We load the Flux2-Klein-Base-4B pipeline. This is a 4 billion parameter model optimized for high-quality image generation.
[ ]:
print("Loading Flux2 pipeline...")
pipe = Flux2KleinPipeline.from_pretrained(
"black-forest-labs/FLUX.2-klein-base-4B",
torch_dtype=torch.bfloat16,
)
pipe = pipe.to(device)
print("Pipeline loaded!")
# NOTE: Do NOT use pipe.enable_model_cpu_offload()

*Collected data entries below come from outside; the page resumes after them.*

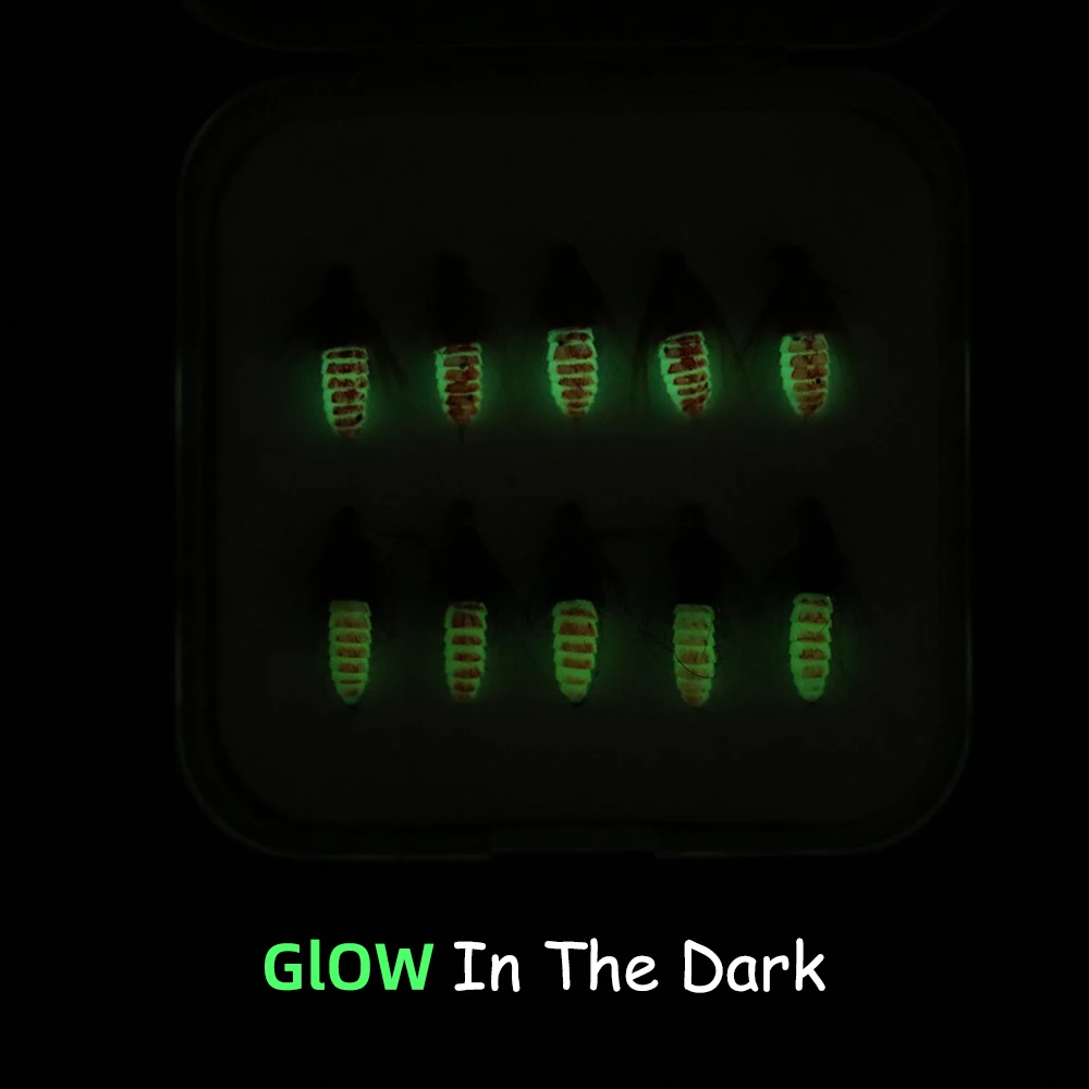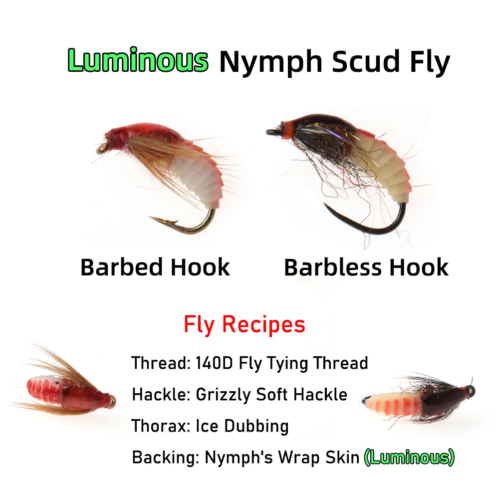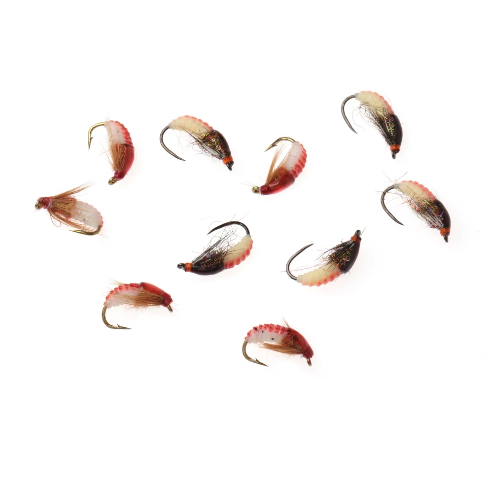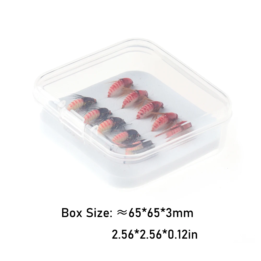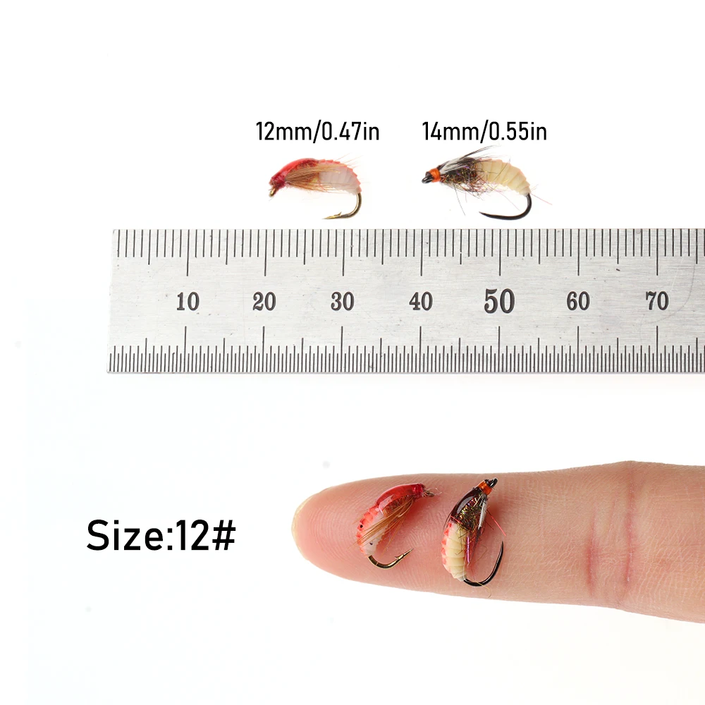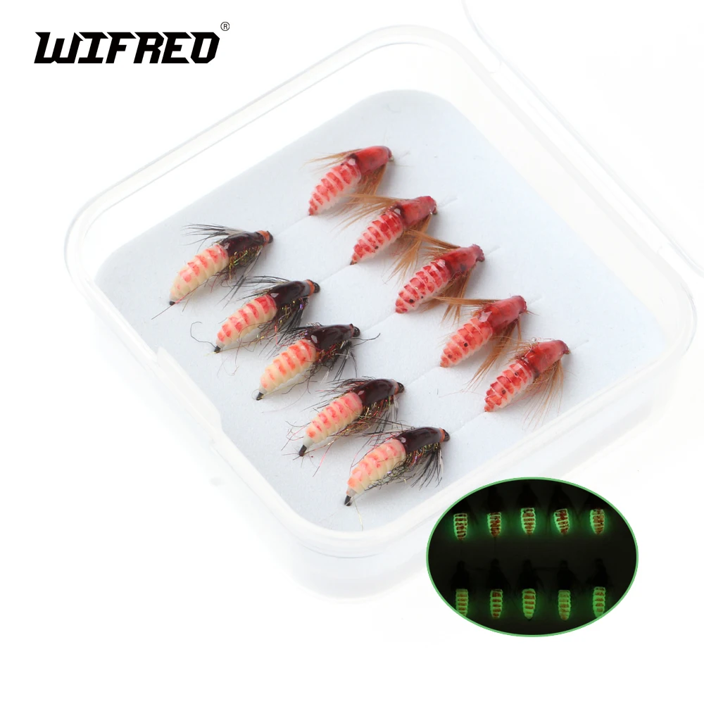 WIFREO 10 unids/caja 12# Luminoso Scud Ninfa moscas realista Bug Worm trucha lubina percha señuelo de pesca con mosca cebos con anzuelo sin púas y sin púas
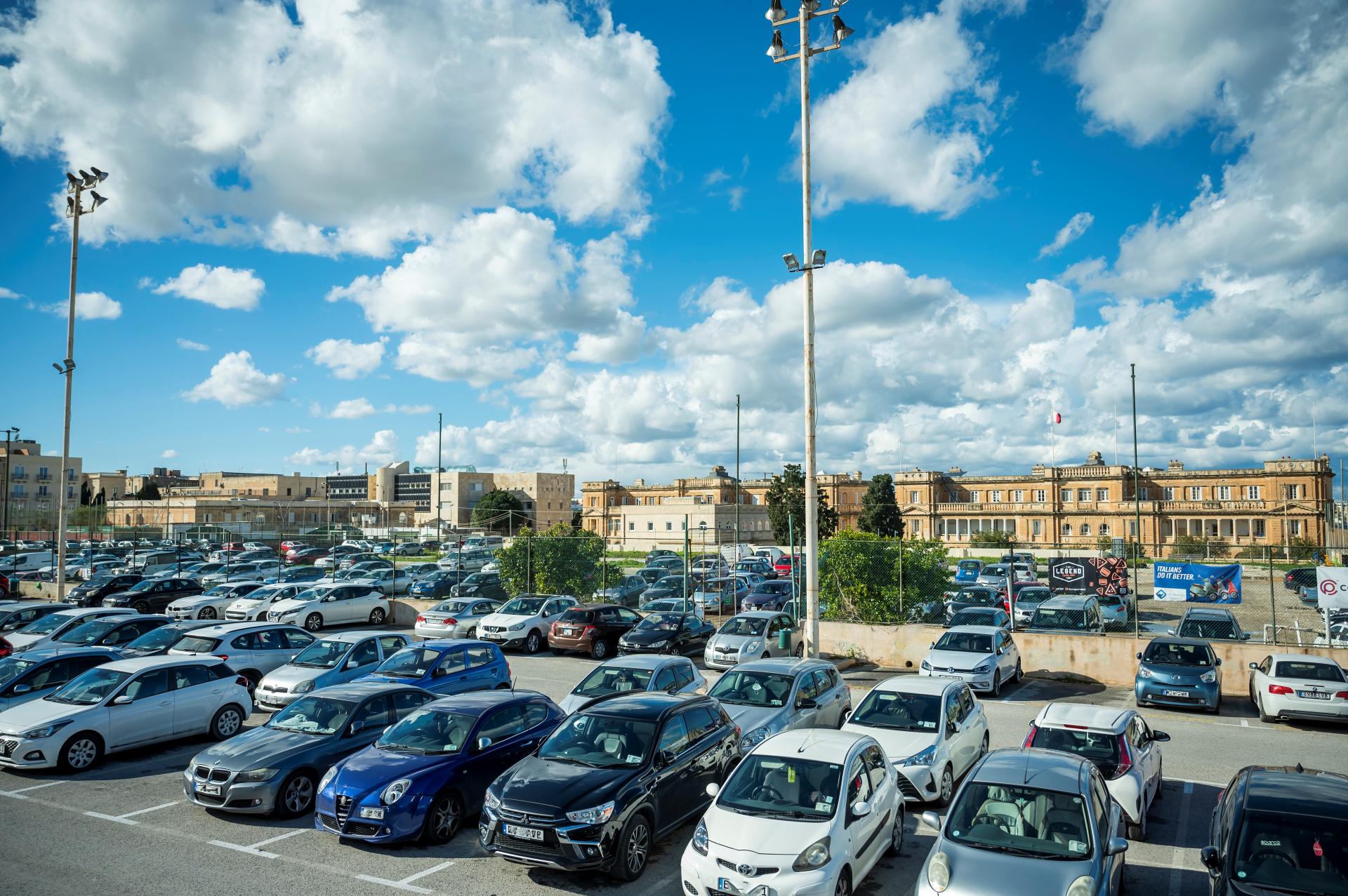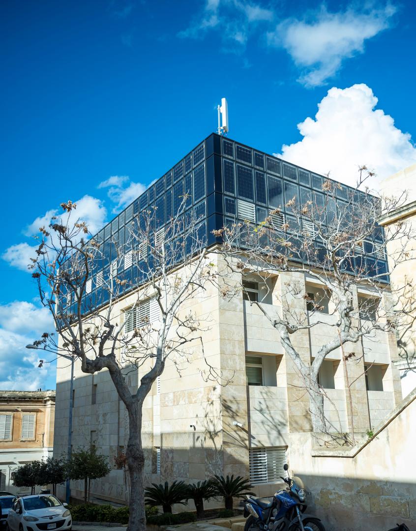 Building integrated photovoltaics (BIPVs) were installed on the upper parts of the southeast and southwest facades ie. elevations receiving most sunlight, for maximum effectiveness. These facades are not visible from Marsamxett harbour down below, hence no adverse impacts on the underlying historical bastions system. The mounted BIPVs are of the transparent glass module types such that stone cladding is visible through the glass between the cells. Viewing from Triq il-Mall in Floriana, the dark colour of the cells amalgamates with the dark green of nearby trees.
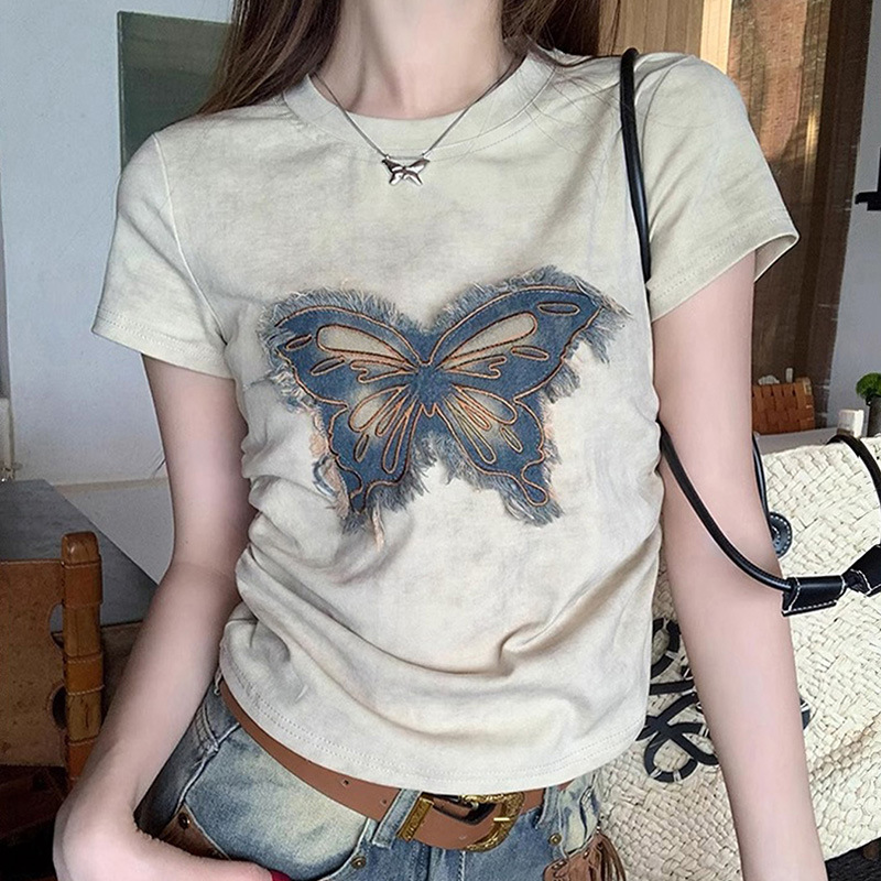 纯棉正肩短袖t恤女夏季新款美式蝴蝶结设计感小众短款扎染上衣
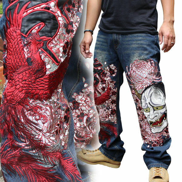 和柄 ジーンズ 和柄 デニム 和柄ジーンズ 和柄ジーパン【B220104】般若鳳凰 和柄刺繍ジーンズ 和柄メンズ ボンタン特攻服
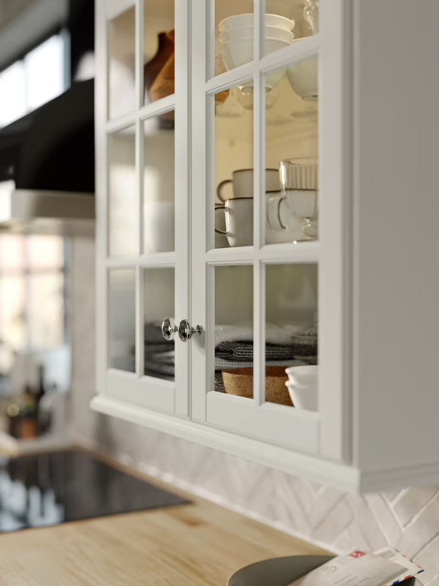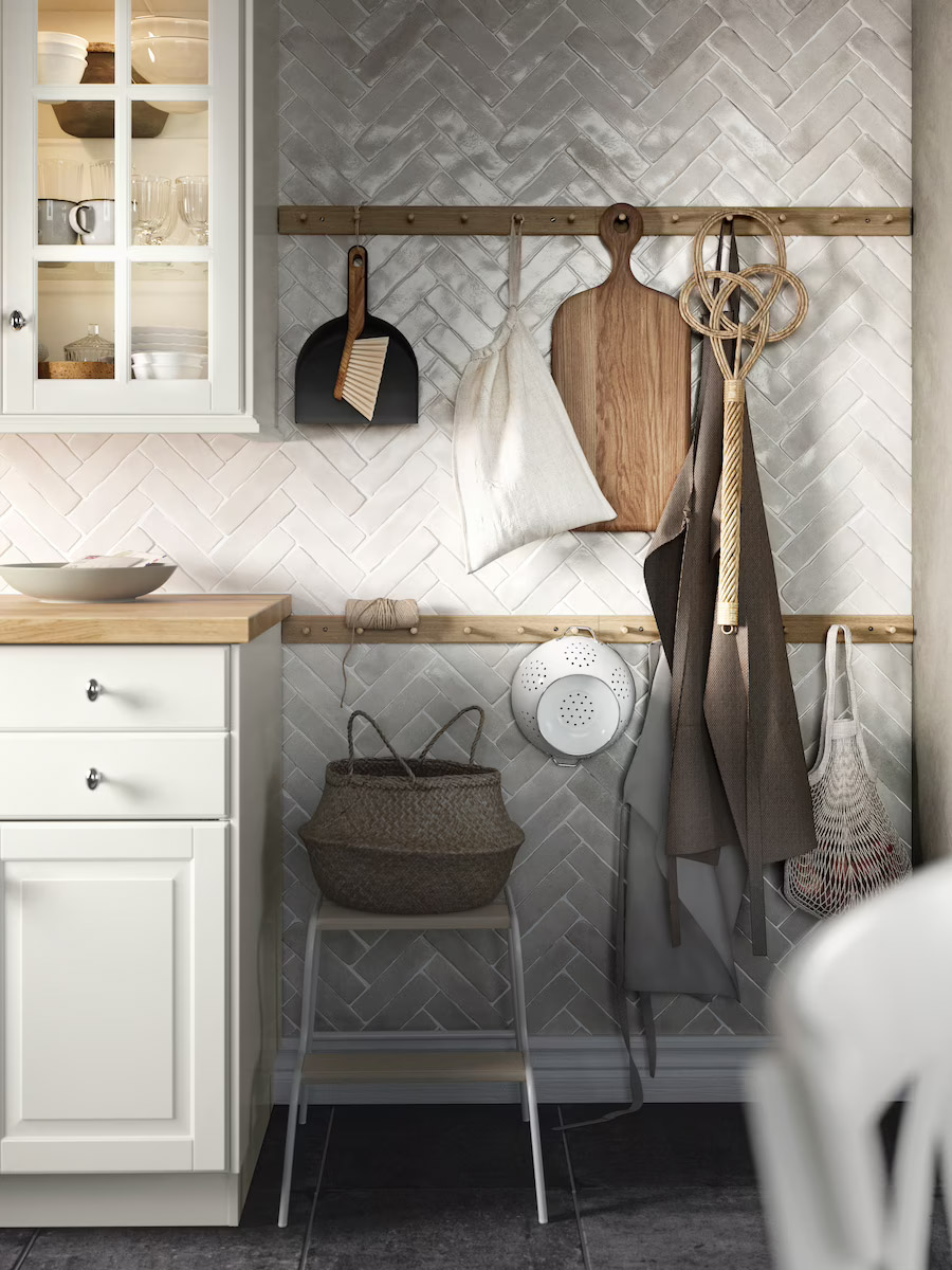 這個集客廳與廚房於一體的空間全方位照顧家裡各人的需要。附有掛鈎的牆架方便各人取放物品,在較低位置安裝一支掛桿,小孩子也能輕鬆使用。玻璃門收納櫃不但展示精湛工藝,也能保護心愛物品以免受損。
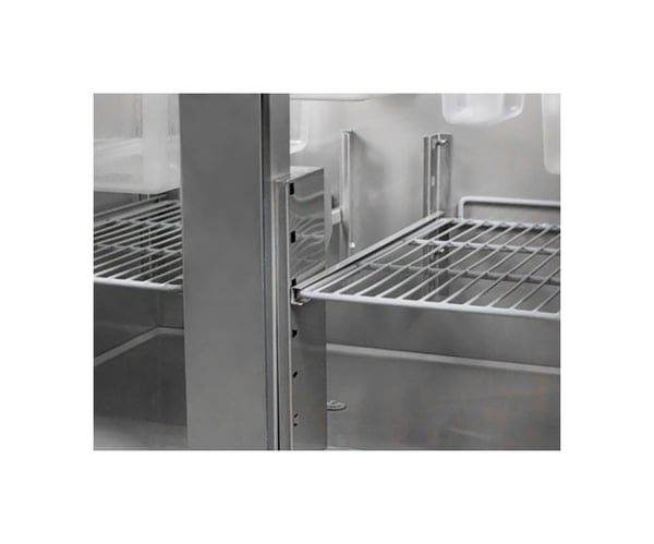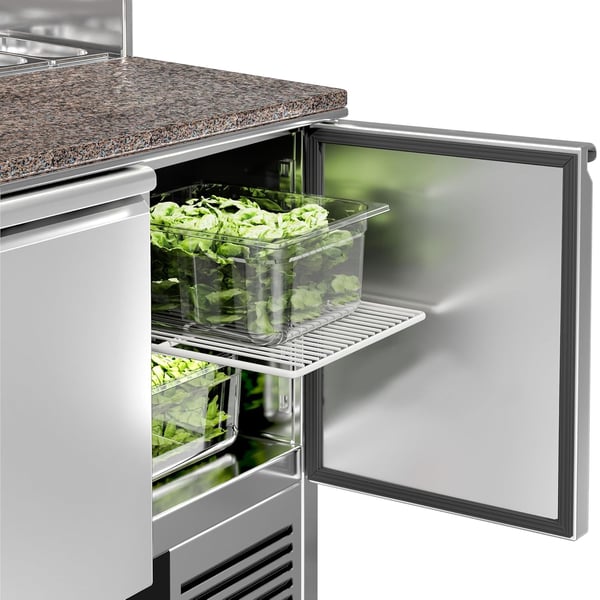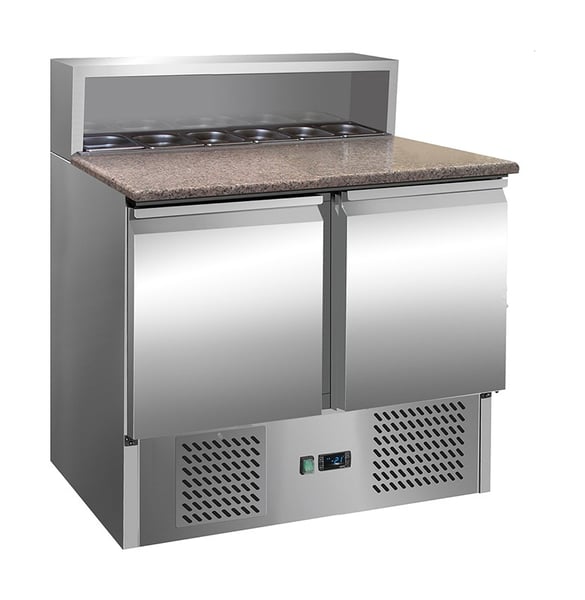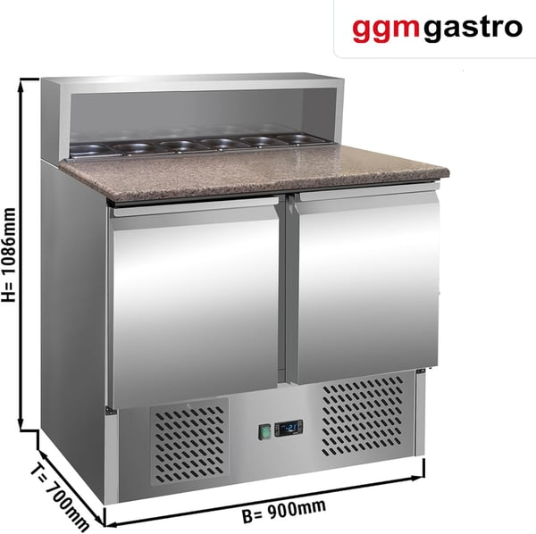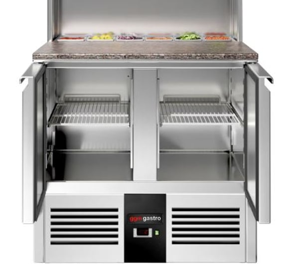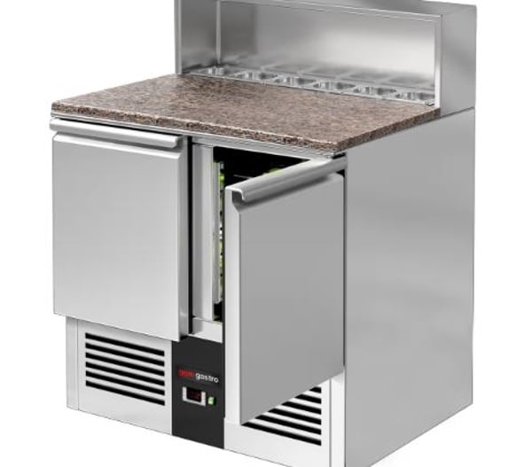 Стіл холодильний 2-х дверний GGM SAG97GND призначений для зручності приготування найпопулярнішої страви у меню багатьох закладів – піци: підходить для розкочування тіста, обробки інгредієнтів для приготування страв та довготривалого зберігання продуктів і напоїв на підприємствах громадського харчування та торгівлі. Перевага даного холодильного столу полягає у поєднанні робочої поверхні з холодильною камерою, що забезпечує комфортні умови для роботи кухаря та дозволяє використовувати робочий простір з максимальною користю – інгредієнти можна легко діставати і обробляти прямо на столі. Крім того, холодильний стіл може використовуватися для розміщення різного допоміжного обладнання. Виконання PREMIUM забезпечує високу продуктивність із низьким енергоспоживанням (екологічність).
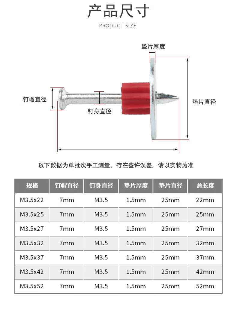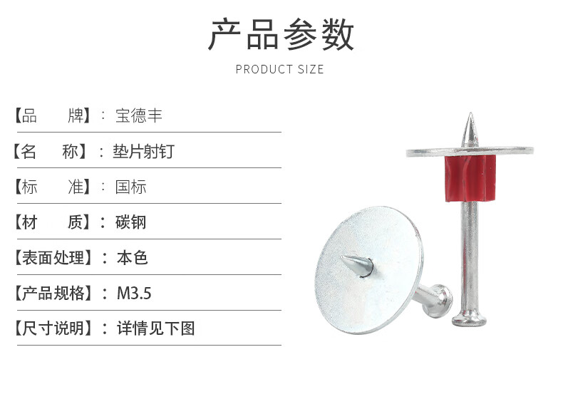 Baodefeng high-strength gasket nail steel nail cement nail ceiling barbed wire concrete gasket nail wall nail fixing artifact M3.5x22 (100 pieces)
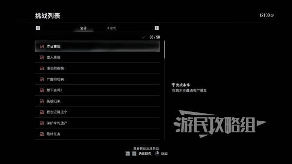 ※挑战的完成状况所有存档共通,每项挑战只能完成一次,已经完成的挑战无法在其他存档中重复完成。也就是说,完成同一个挑战只能获得一次CP点数,重复完成不会再获得CP点数。但是,累计类的挑战可以通过反复存读档来累积。
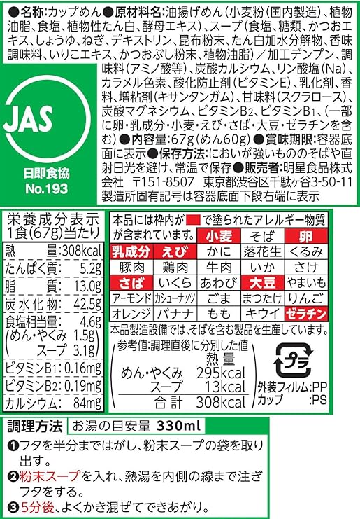 油揚げめん(小麦粉(国内製造)、植物油脂、食塩、植物性たん白、酵母エキス)、スープ(食塩、糖類、かつおエキス、しょうゆ、ねぎ、デキストリン、昆布粉末、たん白加水分解物、香味調味料、いりこエキス、かつおぶし粉末、植物油脂)/加工デンプン、調味料
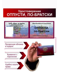 Шуточное удостоверение корочка "отпусти, по-братски"

# It breaks FORA's caching mechanism by re-initializing model hooks
2. Define Generation Parameters
Set up the common parameters for image generation. We use the same parameters for both baseline and optimized models to ensure a fair comparison.
[ ]:
# Generation parameters
prompt = "A humanoid robot or cyborg set against a bold red background"
gen_kwargs = dict(
image=None,
prompt=prompt,
height=1024,
width=1024,
guidance_scale=4.0,
num_inference_steps=50,
)
# Use same seed for reproducible results
def get_generator():
return torch.Generator(device=device).manual_seed(42)
# FORA parameters
FORA_START_STEP = 4 # Start caching after this many steps
FORA_INTERVAL = 3 # Recompute every N steps (higher = faster but lower quality)
# Benchmarking parameters
NUM_WARMUP = 2 # Warmup runs (not timed)
NUM_TIMED = 3 # Timed runs for averaging
print(f"Prompt: {prompt}")
print(f"Image size: {gen_kwargs['height']}x{gen_kwargs['width']}")
print(f"Inference steps: {gen_kwargs['num_inference_steps']}")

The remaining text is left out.